It is hard to imagine a more stupid or more dangerous way of making decisions than by putting those decisions in the hands of people who pay no price for being wrong.

—Thomas Sowell, “Wake up, parents!” [1]

Business Owners

Business Owners (BOs) are key ART stakeholders who have the primary business and technical responsibility for return on investment (ROI), governance, and compliance.

Business Owners are critical stakeholders who evaluate fitness for use and actively participate in Agile Release Train (ART) events and solution development.

Details

Self-managing, self-organizing Agile Teams and ARTs are essential to the success of SAFe. This Lean-Agile way of working represents a significant change in the traditional management mindset. Leaders and management no longer need to supervise work directly or assign tasks. Instead, they lead and provide intent by establishing a mission and Vision.

Business Owners may help teams with coaching and skills development but essentially decentralize execution authority to the ART. However, transformation to a Lean-Agile way of working does not relieve leaders and management of their ultimate responsibilities. They remain accountable for the organization’s growth and its people, operational excellence, and business outcomes. SAFe defines the role of BOs as the key leaders who guide ARTs to optimal business outcomes.

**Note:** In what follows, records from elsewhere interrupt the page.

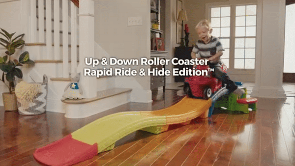 A durable indoor/outdoor ride-on “Up & Down” roller coaster
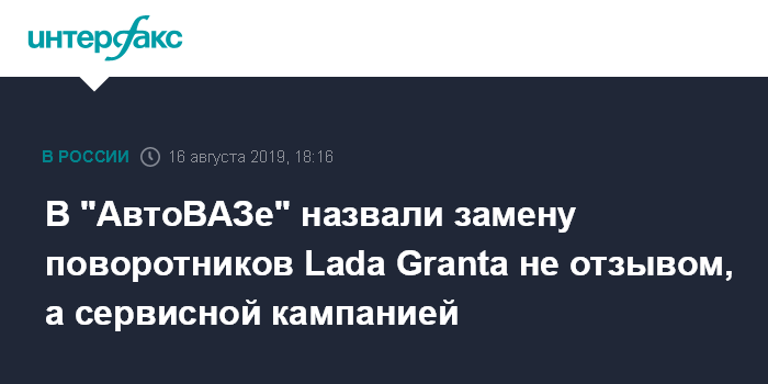 Москва. 16 августа. INTERFAX.RU - АО "АвтоВАЗ" не подтвердило отзыв более 11 тысяч автомобилей Lada Granta для замены поворотников, отмечая, что речь идет лишь о сервисной кампании по устранению дефектов.
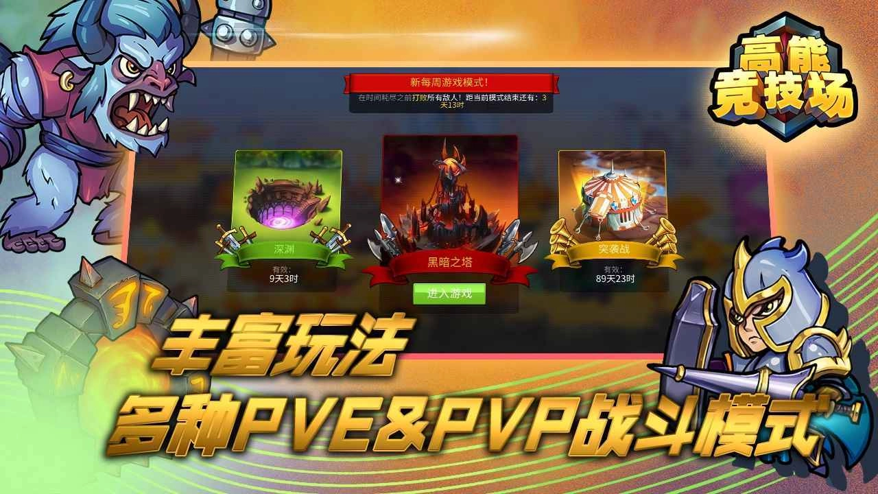 高能竞技场最新版本,是一款趣味性十足的休闲策略类游戏。游戏拥有丰富多样的玩法,诸如冒险、天梯、深渊、暗黑之塔、乱斗、突袭等等。玩家参与这些玩法模式,能够获取极为丰厚的奖励。在这款游戏里,玩家将化身为冒险者,需要培养形形色色的战士与魔法师,使其融入自己的团队。
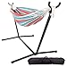 ✅ DESIGN SPECIFICATIONS —Vibrant stripe pattern — Hammock made of heavy duty cotton fabric that is dye-treated for UV resistance — Machine Washable —Solid wood Spreader bar — Accommodates 2 people — 450 pounds weight capacity — Package Includes: steel frame, hammock bed, hardware, and instructions — Fits hammocks ranging from 9.8 ft to 12 ft — Hammock bed measures approximately 75" X 55" — Frame Measures approximately 147" X 47 " X 47"
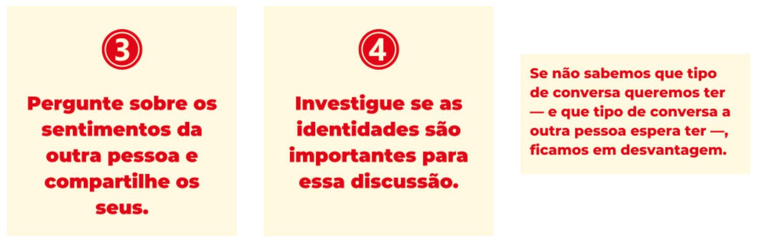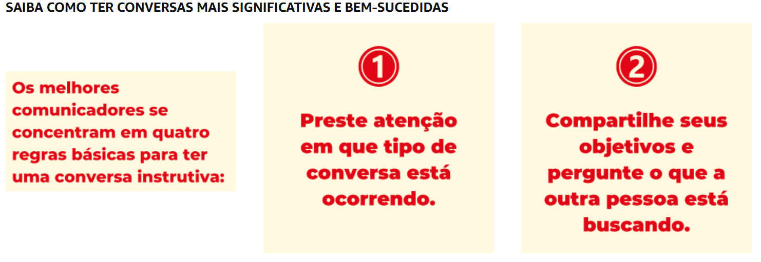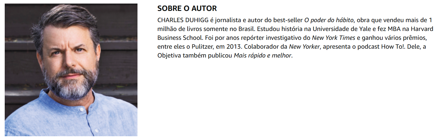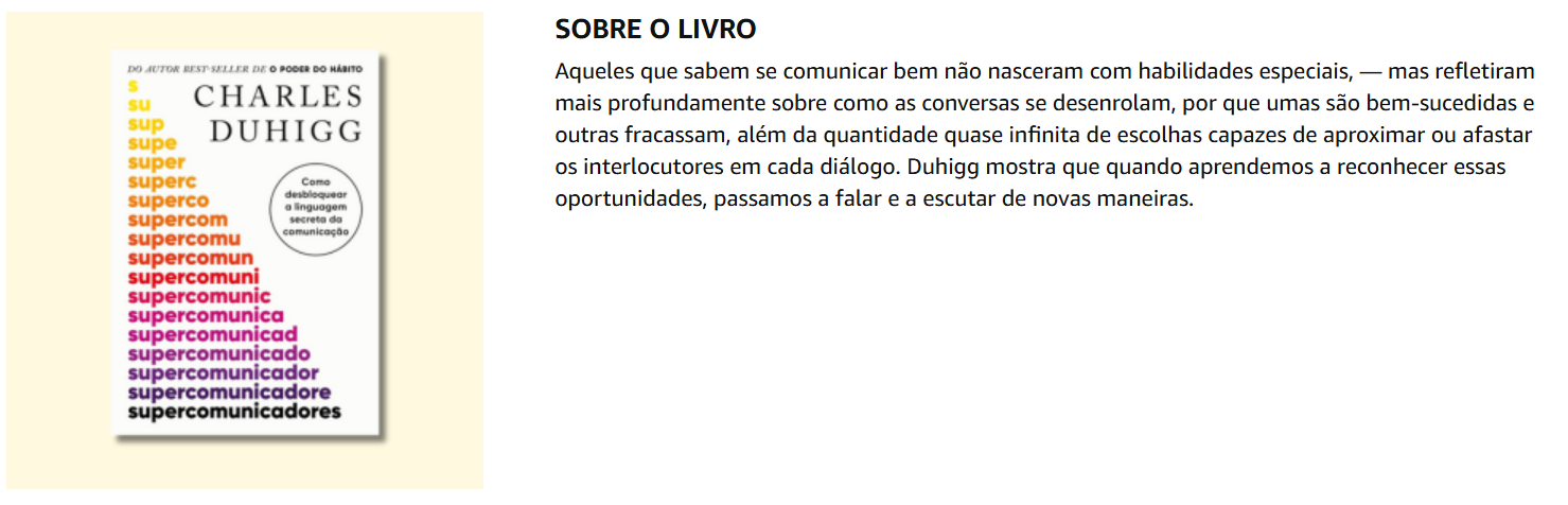 Duhigg mostra quais pequenas escolhas as pessoas fazem na hora de conversar e quais habilidades são exigidas em cada tipo de comunicação (social, emocional e prática). O autor também defende que qualquer pessoa pode se tornar um “supercomunicador”. Comunicadores habilidosos, aliás, sabem fazer as perguntas certas para criar conexão e conhecem as técnicas capazes de contornar conversas difíceis ― Duhigg mostra todas elas neste livro.
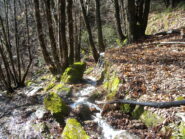 Si prosegue in discesa sulla poderale sino ad incrociare la strada asfaltata e si imbocca il sentiero al tornante nei pressi della centrale idroelettrica – di qui

Questions to identify Business Owners include:

  • Who is ultimately responsible for business outcomes?
  • Who can steer this ART to develop the right solutions?
  • Who can speak to the technical competence of the solution now and in the future?
  • Who should participate in planning, help eliminate impediments, and speak on behalf of development, the business, and the customer?
  • Who can approve and defend a set of PI plans, knowing they will never satisfy everyone?
  • Who can help ARTs coordinate efforts with other departments and organizations, spanning organizational boundaries?

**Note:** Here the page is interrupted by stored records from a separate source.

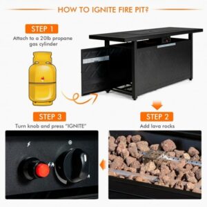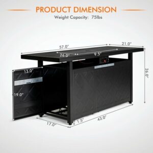 Specifications: Color: Black/Brown Material: Steel stainless steel Overall dimension: 57″ x 21″ x 26″ (L x W x H) Net weight: 68 lbs Output: 50000 BTU Package includes: 1 x Outdoor fire fable 1 x Instruction
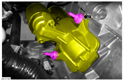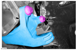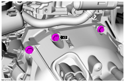 6. Remove the 3 transmission support insulator bracket bolts and the transmission support insulator bracket.
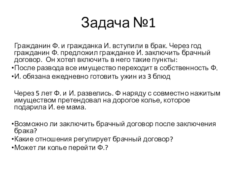 гражданин Ф. предложил гражданке И. заключить брачный договор. Он хотел включить в него такие пункты:
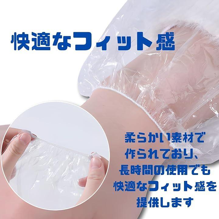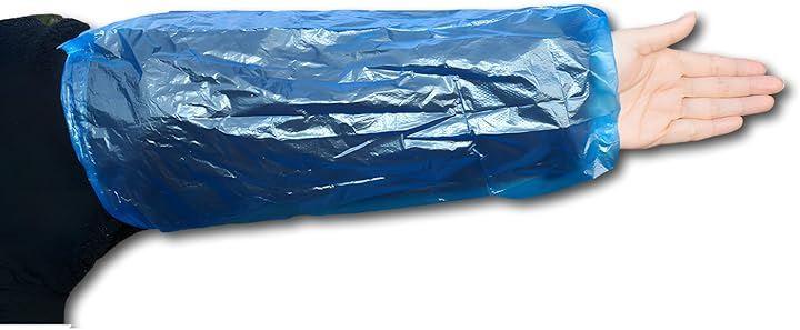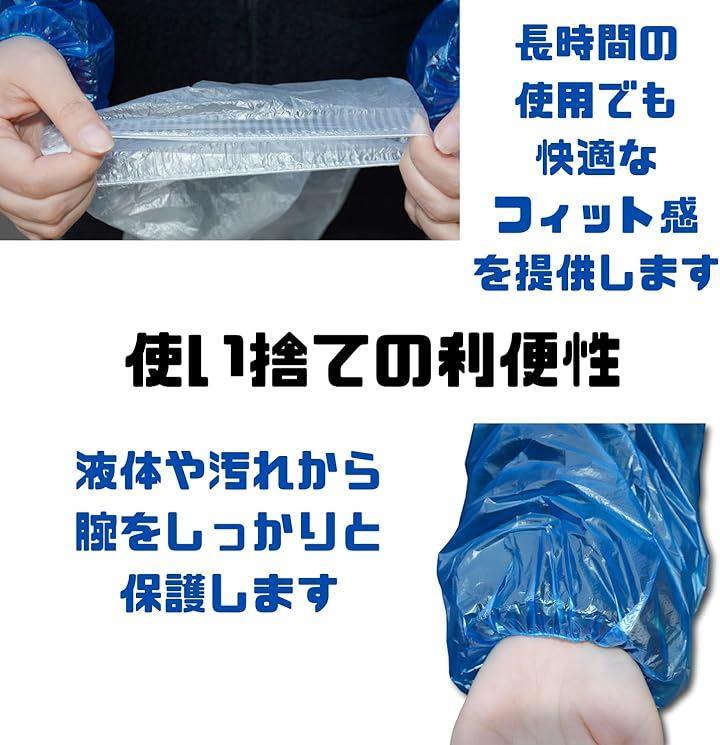 「防水性能」この使い捨てアームカバーは優れた防水性能を持ち、液体や汚れから腕をしっかりと保護します。

The answers to these questions will help identify the BOs who will play a vital role in the ART’s ability to deliver value. Also, consider the availability of these leaders and their personal traits. Will they be an excellent Lean-Agile leader? Are they interested in fulfilling this role?

It’s best to start with the smallest possible Business Owner team and then add members if it becomes clear that someone with the necessary accountability, skill, knowledge, or expertise is missing. Ensure a good mix of both business-oriented and technical people. It’s a reasonable expectation that membership in the BO team will change as needs dictate.

Responsibilities

An effective Business Owner is active and involved, fulfilling their SAFe responsibilities daily, as illustrated in Figure 1.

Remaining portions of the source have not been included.